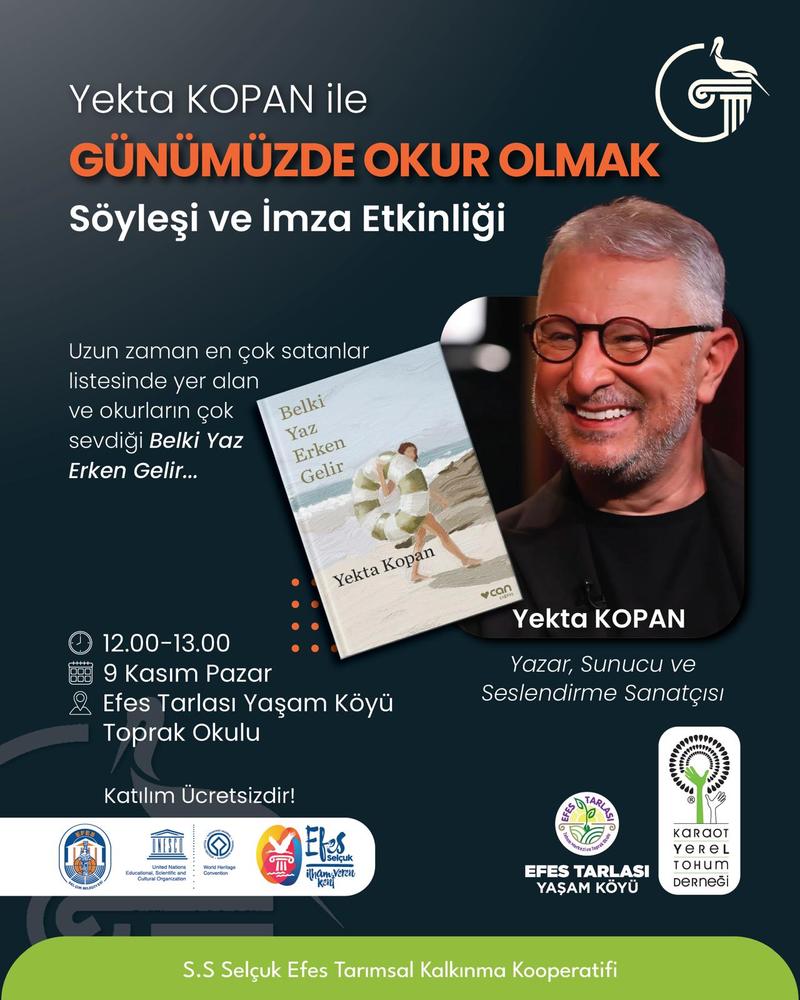 Efes Selçuk Belediyesi, her pazar Efes Tarlası Yaşam Köyü’nde düzenlendiği Üretici Pazarı etkinlikleri kapsamında bu hafta Yazar, sunucu ve seslendirme sanatçısı Yekta Kopan, “Günümüzde Okur Olmak” başlıklı söyleşisiyle Efes Tarlası Yaşam Köyü’nde edebiyatseverlerle bir araya geliyor.
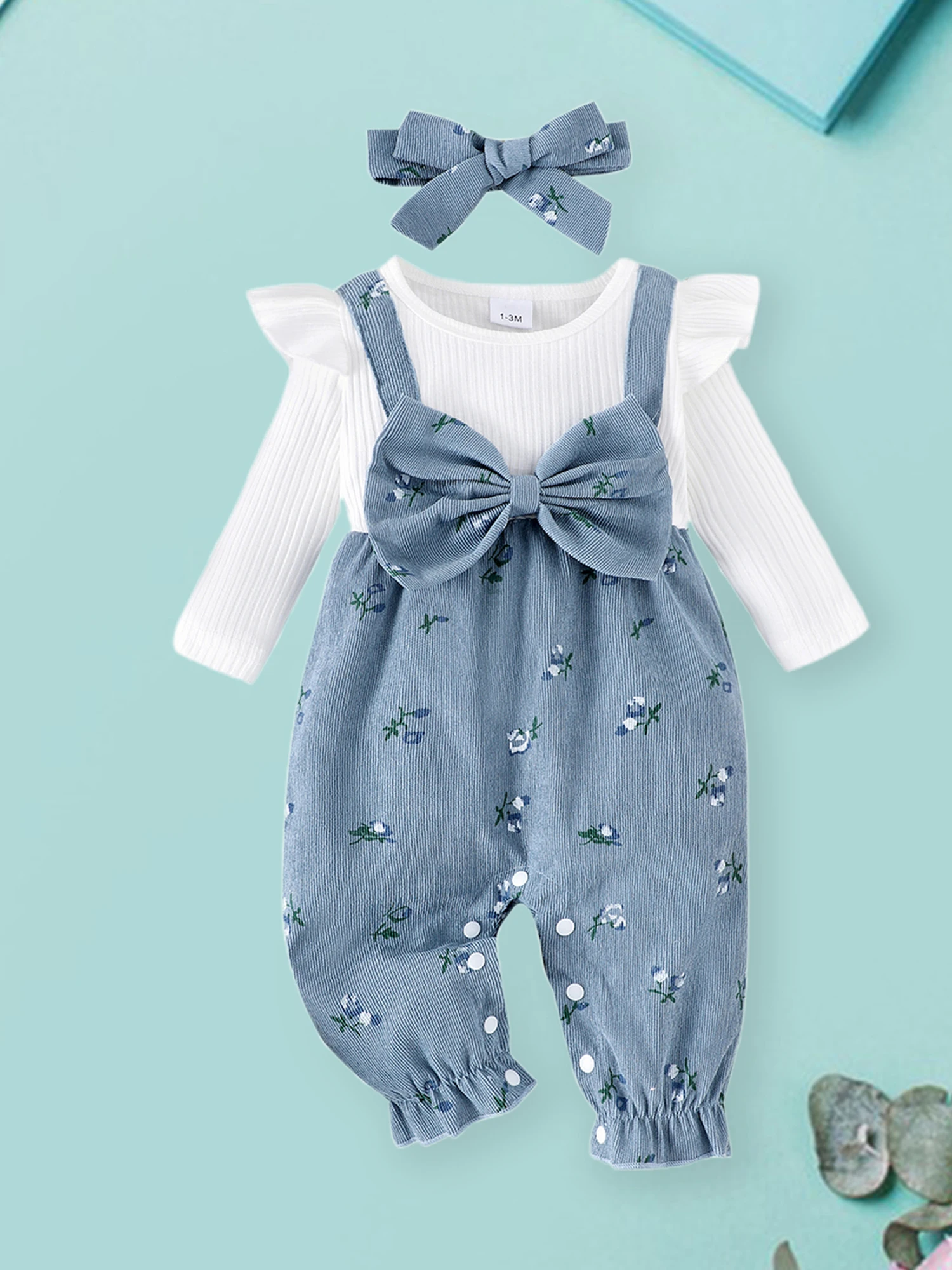 Macacão de manga comprida para bebês meninas com estampa floral falsa de duas peças com laço de retalhos e conjunto de faixa de cabeça fofaRecursos
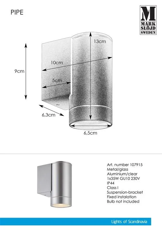 Markslöjd PIPE Kültéri fali lámpa GU10 35W alumínium
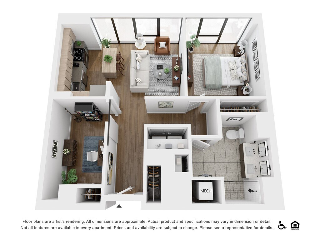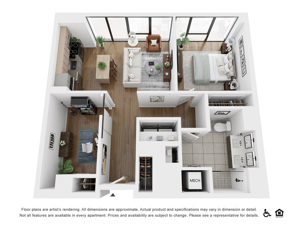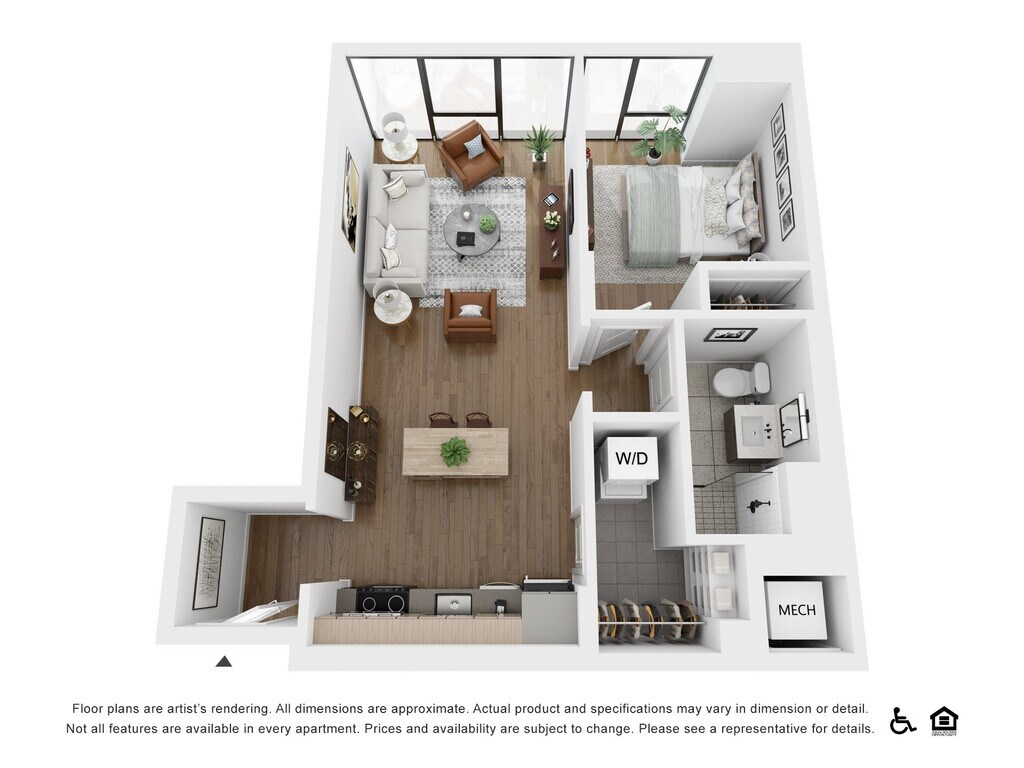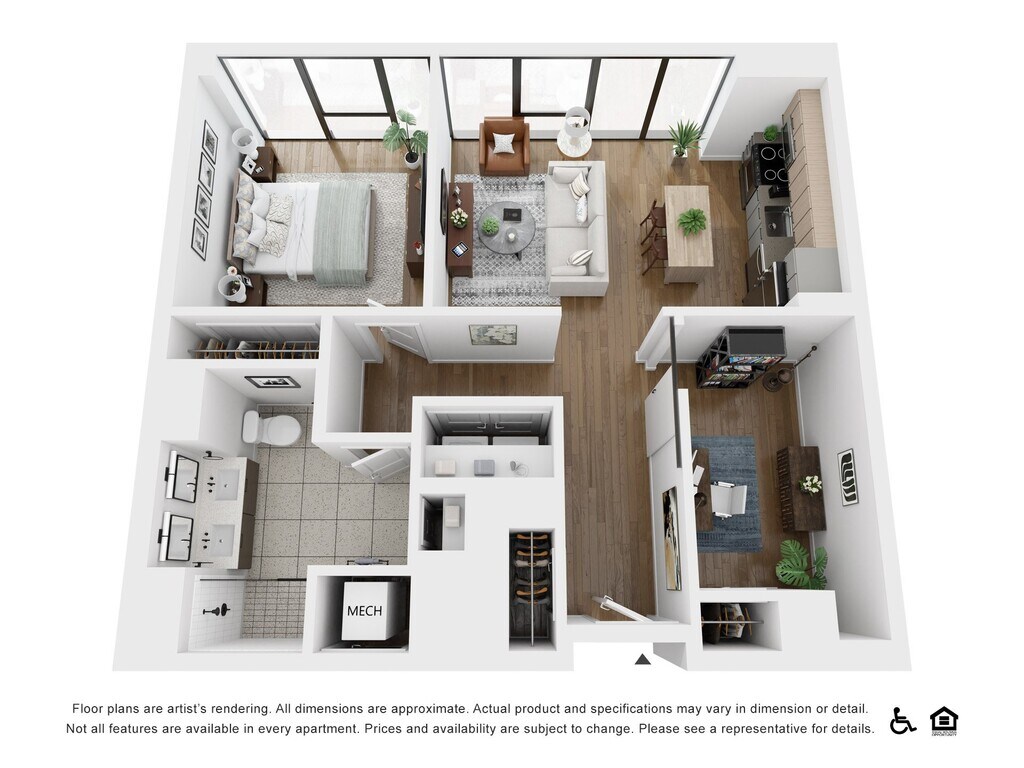 One Bedroom 1A - Plano 1 Los planos de la planta son una interpretación artística. Todas las dimensiones son aproximadas. Los tamaños o el detalle del producto real y sus especificaciones pueden variar. No todas las características están disponibles en todos los hogares para rentar. Los precios y la disponibilidad están sujetos a cambios. El alquiler que se muestra es mensual. Se pueden aplicar ciertos cargos, por ejemplo, entrega de paquetes, recolección de basura, agua, servicios, etc. Depositos varian. Consulta a un representante para conocer detalles.
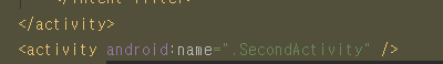 마지막으로 우리가 만든 SecondActivity를 사용하겠다고 앱에 알려주는 작업이 필요합니다.
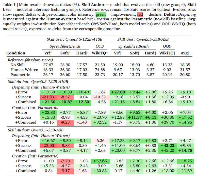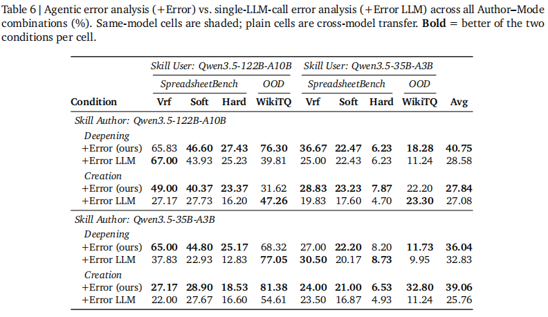 答案是可以:在SpreadsheetBench Vrf 上,122B-authored的Creation+Error提升22.83个百分点;其中最吸睛的是 35B-authored Creation +Error,当这份 skill 拿给122B使用时,在 WikiTQ 上直接提升 57.65 个百分点,达到 81.38%,甚至超过了人类写技能的表现。
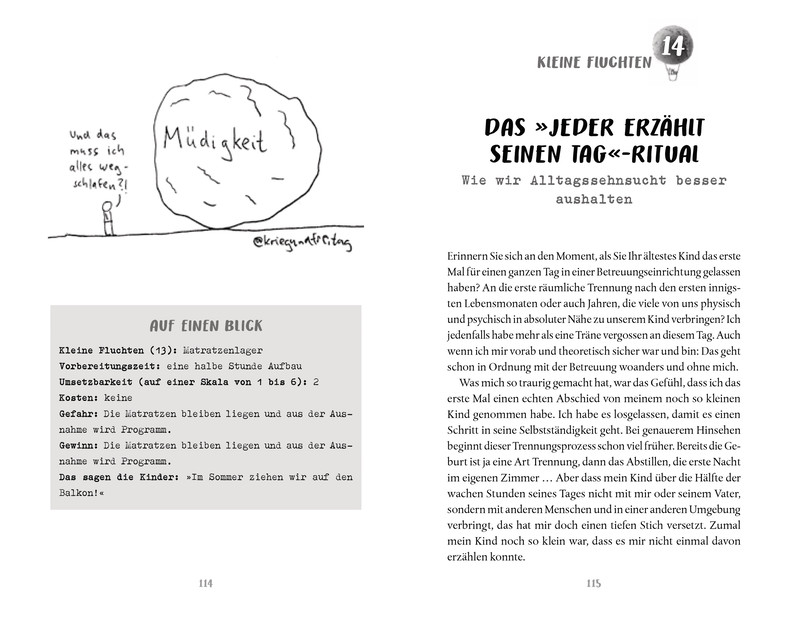Darin hat Vera zwanzig Fluchten für ein entspannte(re)s Familienleben versammelt, die man in seinen Alltag integrieren und vielleicht sogar dauerhaft installieren kann um Kraft zu tanken und regelmäßig das Gefühl zu verspüren: Ich bin gut genug! Wir machen das gut genug! Unser Leben ist gut genug!
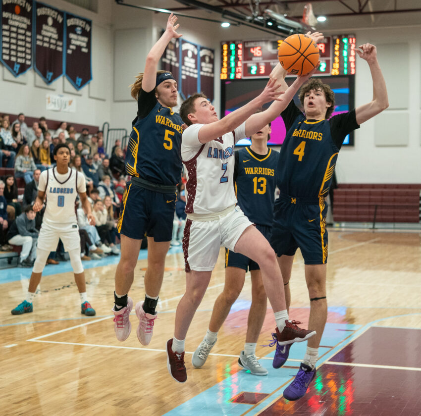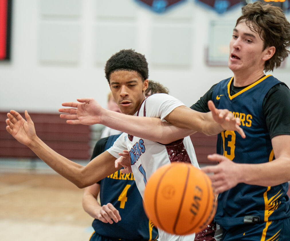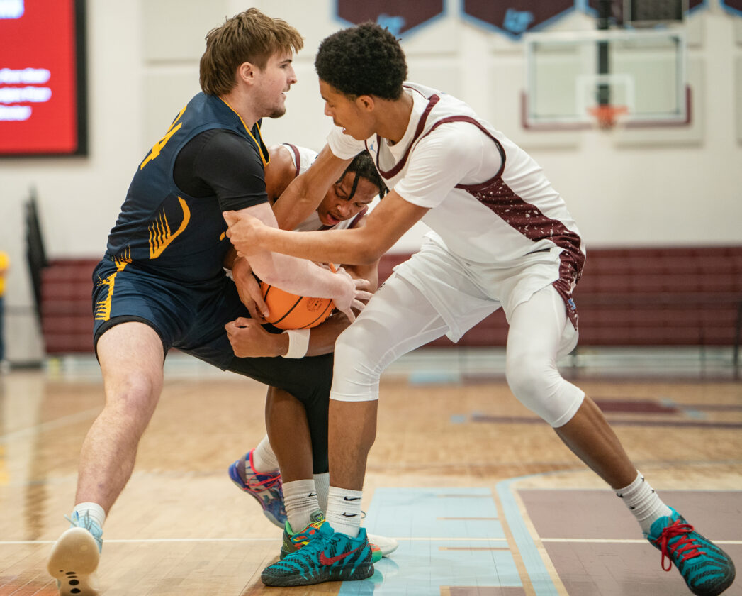 Kingston Fisher of Montoursville and Jalil Coates (heart) and Saoj Jones of Loyalsock combat for possession of the ball at Loyalsock High School. Montoursville gained 57-50.
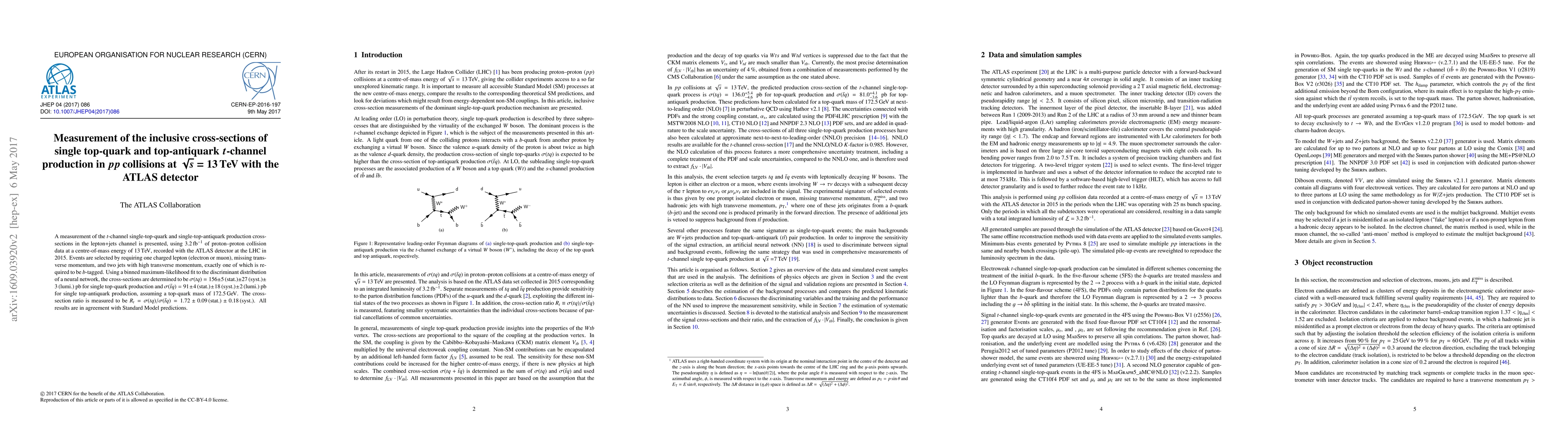 This paper reports measurements of $t$-channel single top-quark and top-antiquark production cross-sections using 3.2 fb$^{-1}$ of LHC proton-proton collision data at 13 TeV. The cross-sections are determined to be 156 ± 5 ± 27 ± 3 pb for single top-quark and 91 ± 4 ± 18 ± 2 pb for single top-antiquark production.
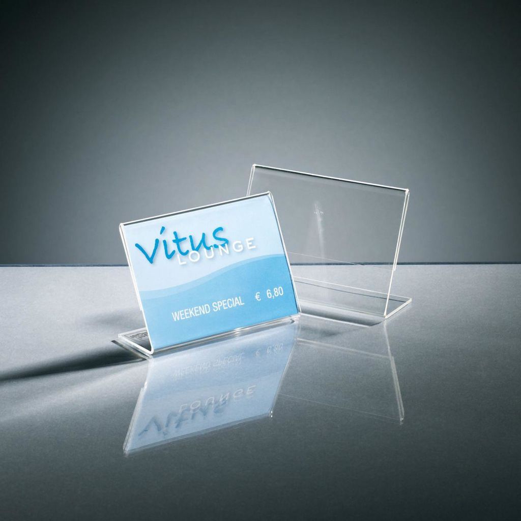 Schräger Tischaufsteller zur einseitigen Präsentation von beispielsweise Aktionen, Hinweisen oder Angeboten in der Größe DIN A7 quer. Für Theken, Tische, Ausstellungsräume und Messen. Hochwertiges, glasklares 1,8 mm starkes Acryl mit polierten, glatten Kanten für hohe Stabilität und Standfestigkeit. 25 Jahre Garantie auf die UV-Beständigkeit des Acryls. Die Außenmaße des Tischaufstellers betragen 105 x 77 x 38 mm (B x H x T).
--- --- ---
DIRECTIONS FOR THIS TASK =>
Going back to the data above, write out everything from the line with "57.65 个百分点,达到 81.38%,甚至超过了人类写技能的表现。" down to the line with "Kingston Fisher of", both included, leaving every picture out.

TASK RESPONSE =>
 答案是可以:在SpreadsheetBench Vrf 上,122B-authored的Creation+Error提升22.83个百分点;其中最吸睛的是 35B-authored Creation +Error,当这份 skill 拿给122B使用时,在 WikiTQ 上直接提升 57.65 个百分点,达到 81.38%,甚至超过了人类写技能的表现。
Darin hat Vera zwanzig Fluchten für ein entspannte(re)s Familienleben versammelt, die man in seinen Alltag integrieren und vielleicht sogar dauerhaft installieren kann um Kraft zu tanken und regelmäßig das Gefühl zu verspüren: Ich bin gut genug! Wir machen das gut genug! Unser Leben ist gut genug!
 Kingston Fisher of Montoursville and Jalil Coates (heart) and Saoj Jones of Loyalsock combat for possession of the ball at Loyalsock High School. Montoursville gained 57-50.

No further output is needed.